Bug #16161
optimise pv placement for io-performance
100%
Description
lv’s should be spread across the different raid arrays for optimal i/o performance.
Subtasks
Related issues
Related to Tails - |
Resolved | 2018-10-11 |
History
#1 Updated by groente 2018-11-28 11:30:42
- related to
Feature #16041: Replace rotating drives with new SSDs on lizard added
#2 Updated by intrigeri 2018-11-28 12:36:38
- Target version set to Tails_3.12
- % Done changed from 0 to 20
I’m done with the initial attempt. I’ll check Munin in a week or two and will adjust things as needed.
#3 Updated by intrigeri 2018-11-29 13:23:47
OK, no need to wait a week to adjust a bit: after 24h it’s clear that md4 still gets way more I/O than md3 and md5; all the numbers match (IOPS, latency, throughput). That’s not surprising: my initial plan only covered the top IO consumers and almost everything else is still on md4. I’ll move some more stuff out of it.
#4 Updated by intrigeri 2018-11-29 13:31:12
Moved root, jenkins-system and bittorrent-system from md4 to md5.
#5 Updated by intrigeri 2018-12-08 08:01:20
Over the last 7 days:
- read IOPS:
- average is rather well balanced, with md4 quite lower than the other arrays though
- max is much higher on md5 than elsewhere
- write IOPS:
- average is much higher on md4 than other arrays
- max is very low on md3 and 72% higher on md4 than md5
- disk latency:
- average is good on md3 and md5 but it’s 16 times bigger on md4
- max is OK on md3 and md5 but much bigger (2.13s) on md4 which is somewhat concerning
- throughput, utilization: nothing remarkable
#6 Updated by intrigeri 2018-12-08 08:24:16
Zooming in, only the md4 write IOPS and latency is still concerning. It’s fully correlated with jenkins-data
and it increased substantially since we started generating USB images on all branches (Feature #16154), i.e. just after my initial analysis (Feature #16041#note-13) of the per-LV I/O consumption… too bad, but we knew it would have to be an incremental process anyway. Apart of jenkins-data
, the biggest consumers of write I/O on md4 is isobuilder3-data, so I’m moving it to md3 which is relatively underloaded in terms of write I/O. This does not leave much space left on md3 (30GB) but it should improve things until we actually need more space there.

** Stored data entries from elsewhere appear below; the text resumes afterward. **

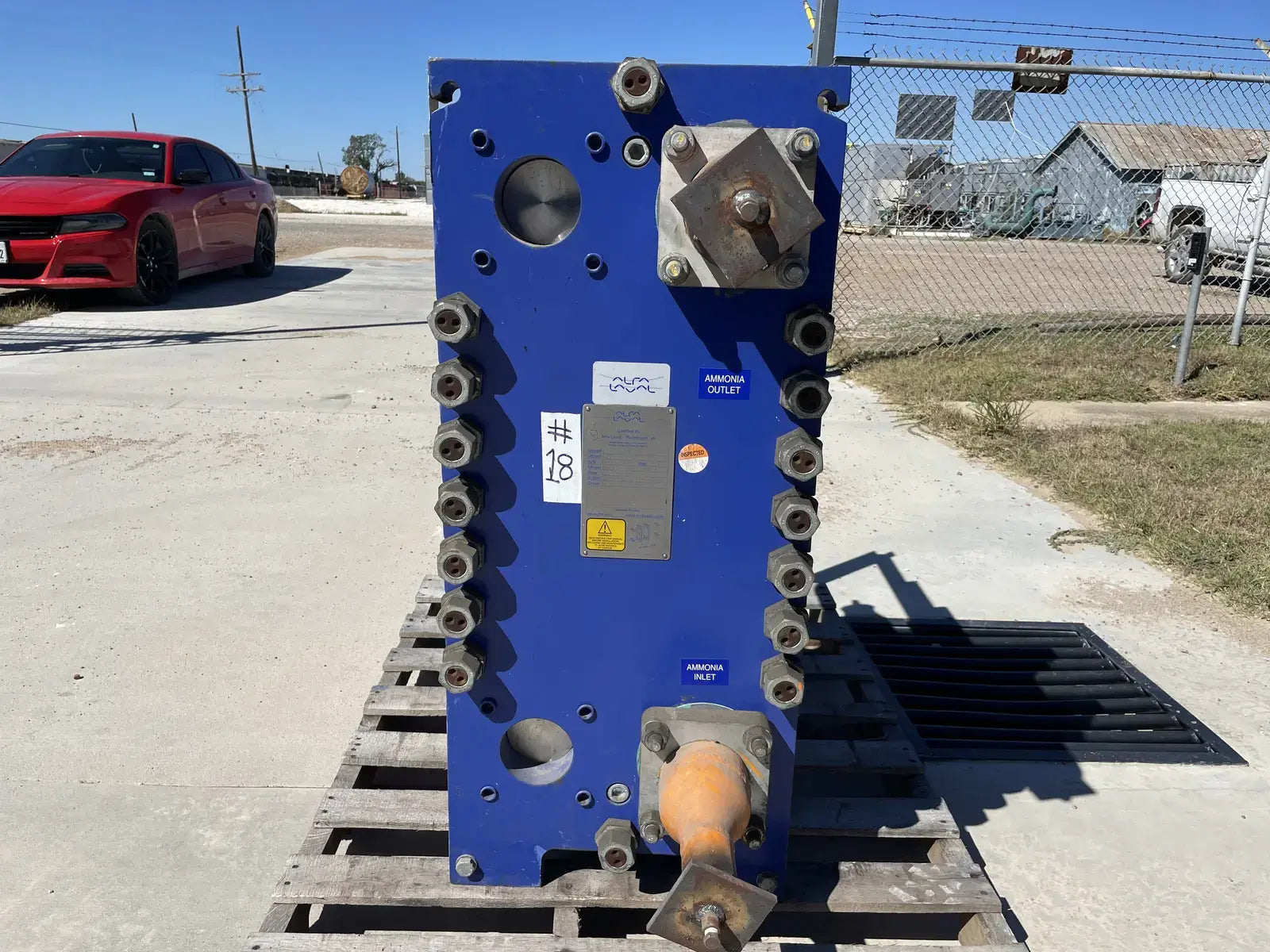 Certified by Alfa Laval Plate Heat Exchanger. Model: M10-BWFD. Serial No: 30115-70300. Order No: 1809087. P.O: 2040-15347. MAWP: 450/300 PSI @ 200 F. MDMT: -20 F @ 450/300 PSI. Area: 149.8 Sq.Ft. Year Built: 2013.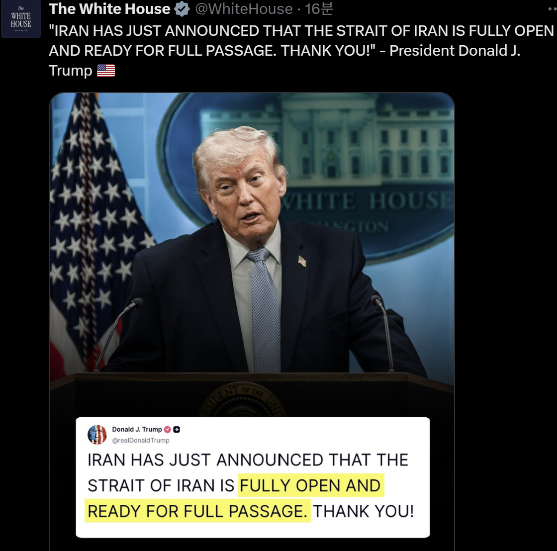 아라그치 장관의 발표 직후 도널드 트럼프 미국 대통령은 트루스소셜에 "방금 이란 측에서 해협이 완전히 개방됐고 전면적인 통항이 준비됐다고 발표했다. 감사하다"고 적었다. 다만 "이란과의 거래가 100% 완료될 때까지는 이란에 대한 해군의 봉쇄 조치는 전적으로 유지될 것"이라며 "대부분의 사항이 이미 협상된 상태이므로 이 과정은 매우 신속하게 진행될 것"이라고 덧붙였다.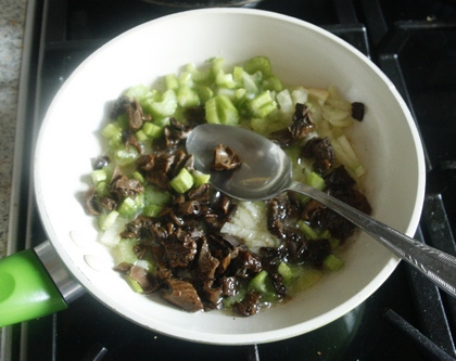 Na patelni rozgrzać tłuszcz, zeszklić cebulę, dodać seler i posiekane grzyby. Smażyć przez chwilę, mieszając. Dodać kaszę, wymieszać. Jeżeli jest za sucha, podlać wywarem z grzybów. Chwilę smażyć na małym ogniu. Podawać posypaną świeżymi listkami selera.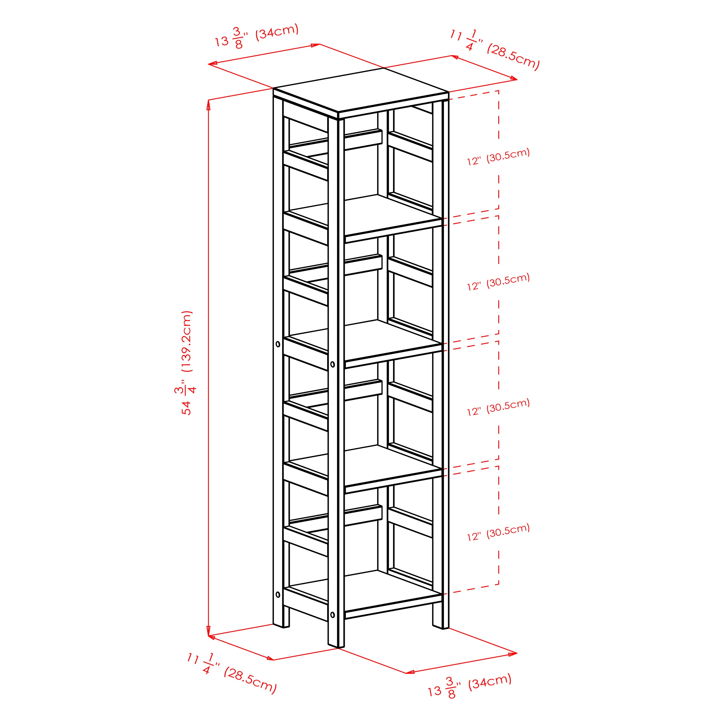 - Open airy 4-Section shelf assembled size is 13.39"W x 11.22"D x 54.80"H. Shelf clearance is 12".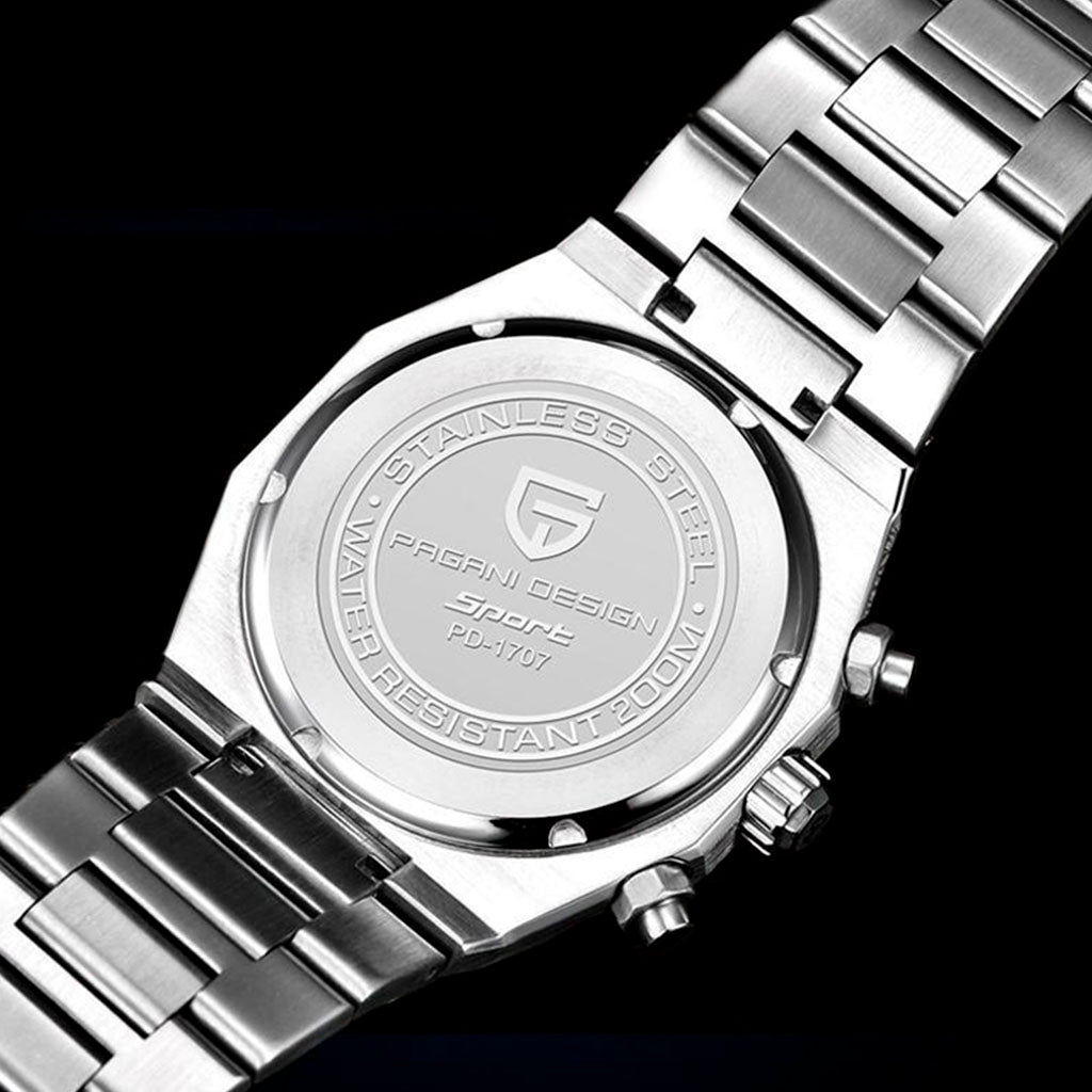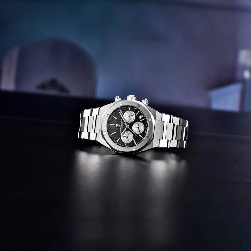 O movimento Seiko VK63 é conhecido por seu desempenho excepcional em termos de precisão e confiabilidade. O Pagani Design Track Black equipado com o movimento VK63, possui uma operação suave e precisa do cronógrafo.
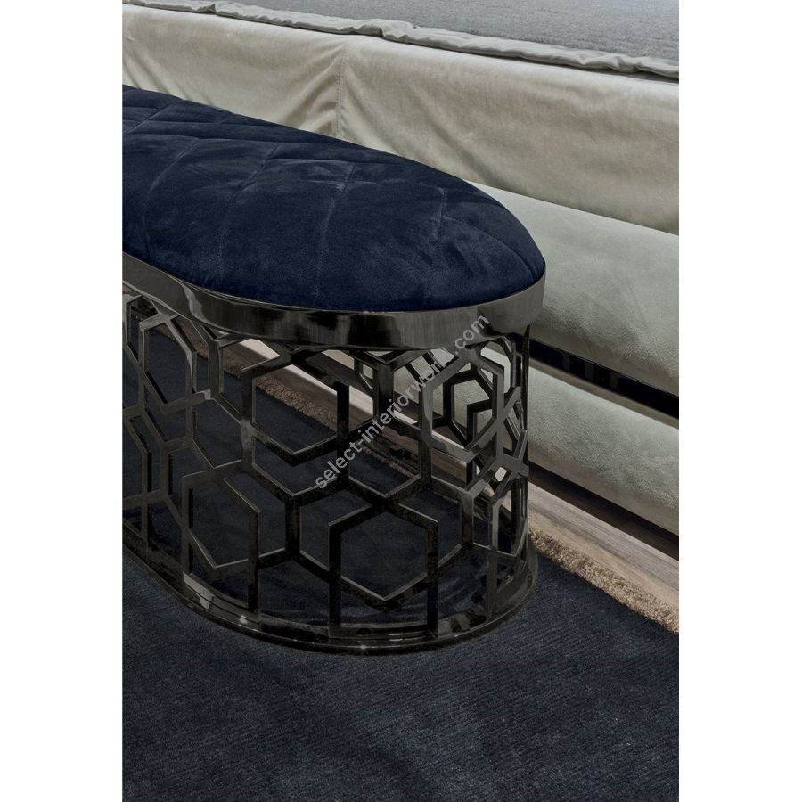 Amanda belongs to a family of accessories with an unmistakable personality due to the “Sequence” decoration on the base. “Sequence” is a perforated pattern that looks like the result of a manual process but is actually the result of a sophisticated laser cutting process. The “beehive” decoration, by Giuseppe Iasparra, is a style, an authentic iconographic pattern that appears on several pieces in the Loveluxe collection - including tables, furniture and boiserie panels. It is an authentic expression of the Longhi personality. This bench is a useful furnishing complement, designed to be provide seating and also give a particular touch to the bedroom.

#7 Updated by intrigeri 2018-12-16 11:30:15
- Status changed from In Progress to Resolved
- Assignee deleted (
intrigeri) - % Done changed from 20 to 100
md4’s average latency (73ms) is now “only” about 7.5 times bigger than the other arrays, i.e. twice better than before my last changes. md4 average write IOPS is now “only” about twice bigger than the other arrays. I think this is good enough. Other metrics are OK.
The only way I see to balance this even better would be to spread jenkins-data
over multiple arrays. Such an allocation algorithm would be more difficult to maintain: we already have a hard time ensuring LVs remain on “their” PV when we grow them as part of day-to-day system operations; I’d rather not make this even harder => IMO the cost/benefit of spending more time on this ticket would not be worth it.